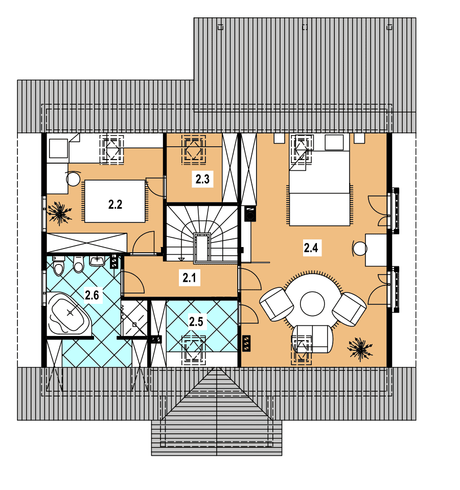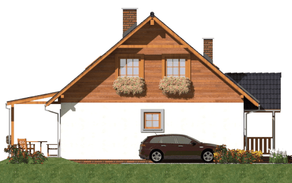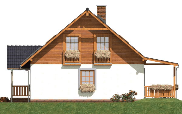 Projekt domu szkieletowego A-127 „DOM JAWOROWA” – funkcjonalność i nowoczesny styl Projekt A-127 „DOM JAWOROWA” w technologii szkieletowej to nowoczesna i praktyczna propozycja dla rodzin poszukujących ekonomicznego domu z poddaszem użytkowym. Został zaprojektowany z myślą o komforcie mieszkańców i szybkim czasie realizacji inwestycji. Architektura domu szkieletowego: Dom posiada prostą bryłę z dwuspadowym dachem, która nadaje mu klasycznego, eleganckiego wyglądu. Zastosowanie technologii szkieletowej sprawia, że budowa jest szybka, a sam budynek lekki i energooszczędny. Projekt sprawdzi się zarówno na małych działkach w mieście, jak i w spokojnych, podmiejskich lokalizacjach. Układ pomieszczeń – wygodny i praktyczny Funkcjonalność wnętrza oparta została na logicznym podziale: Parter: pokój dzienny z kominkiem i wyjściem na taras, osobna kuchnia z miejscem na spiżarkę, mała sypialnia – idealna jako gabinet, garderoba, duża łazienka, wydzielona klatka schodowa. Poddasze użytkowe: duża sypialnia z własną garderobą, dodatkowa sypialnia z garderobą, duża łazienka z możliwością aranżacji na pokój kąpielowy. Atuty domu szkieletowego A-127 „DOM JAWOROWA”: Ekonomia budowy i użytkowania – niskie koszty inwestycji i eksploatacji. Szybkość realizacji – technologia szkieletowa pozwala zakończyć budowę w kilka miesięcy. Nowoczesny układ funkcjonalny – 4 pokoje, dwie garderoby i przestronne łazienki. Uniwersalność – projekt odpowiedni dla rodziny 3–5 osobowej. Projekt domu szkieletowego A-127 „DOM JAWOROWA” to idealne rozwiązanie dla osób, które chcą postawić na komfort, nowoczesny design i ekonomiczne użytkowanie. To dom o zwartej formie, ale bogatym wnętrzu, który świetnie sprawdzi się jako dom całoroczny.Rzuty
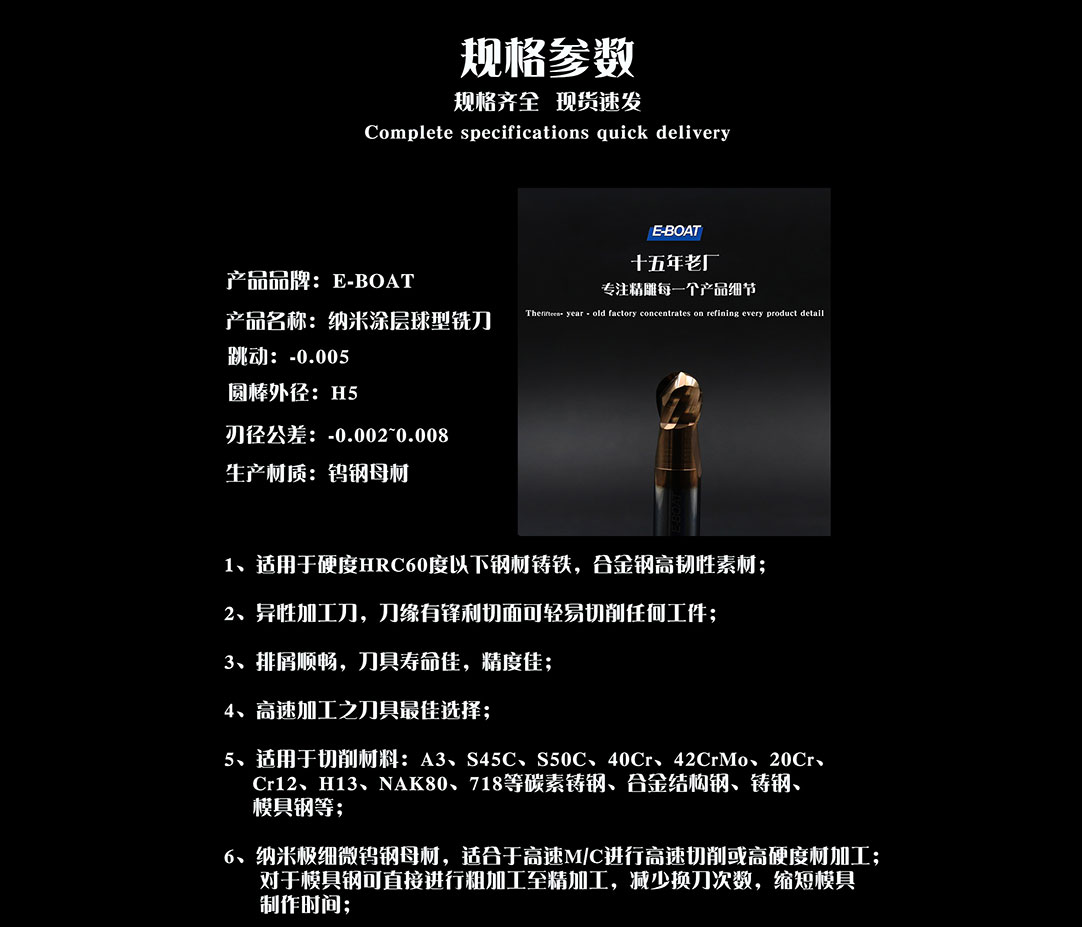 6、納米極細微鎢鋼母材,適合于高速M/C進行高速切削或高硬度材加工;對于模具鋼可直接進行粗加工至精加工,減少換刀次數(shù),縮短模具制作時間;
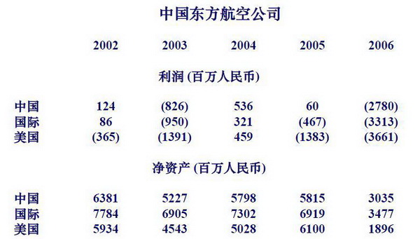 通过比较三种会计准则下中国东方航空2002年的利润,我们可以清晰地看到三种会计准则下计算的企业利润存在着巨大的差异。在国际财务报告准则和中国财务报告准则下,中国东方航空公司2002年的经营状况不错,分别获得8600万元、12400万元的盈利,但是在美国会计准则的计算下,东方航空公司却在2002年产生了36500万元的负债。我们知道三种计量方式的依据都是中国东方航空公司2002年的经营活动,也就是说在相同的经营活动下,不同的会计准则所产生的不同的计量方法会使该公司的财务报告产生巨大的差异。
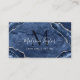 Modern Elegant Chic Navy Blue Silver Gray Glitter Marble Agate Monogram Business Card
* * * * * * *
> [EXERCISE INSTRUCTIONS]: Your copy should hold exactly the lines from the line bearing "通过比较三种会计准则下中国东" through the end of the data, both included, and no pictures or anything further.

> [REPLY TO THE TASK]:
 通过比较三种会计准则下中国东方航空2002年的利润,我们可以清晰地看到三种会计准则下计算的企业利润存在着巨大的差异。在国际财务报告准则和中国财务报告准则下,中国东方航空公司2002年的经营状况不错,分别获得8600万元、12400万元的盈利,但是在美国会计准则的计算下,东方航空公司却在2002年产生了36500万元的负债。我们知道三种计量方式的依据都是中国东方航空公司2002年的经营活动,也就是说在相同的经营活动下,不同的会计准则所产生的不同的计量方法会使该公司的财务报告产生巨大的差异。
 Modern Elegant Chic Navy Blue Silver Gray Glitter Marble Agate Monogram Business Card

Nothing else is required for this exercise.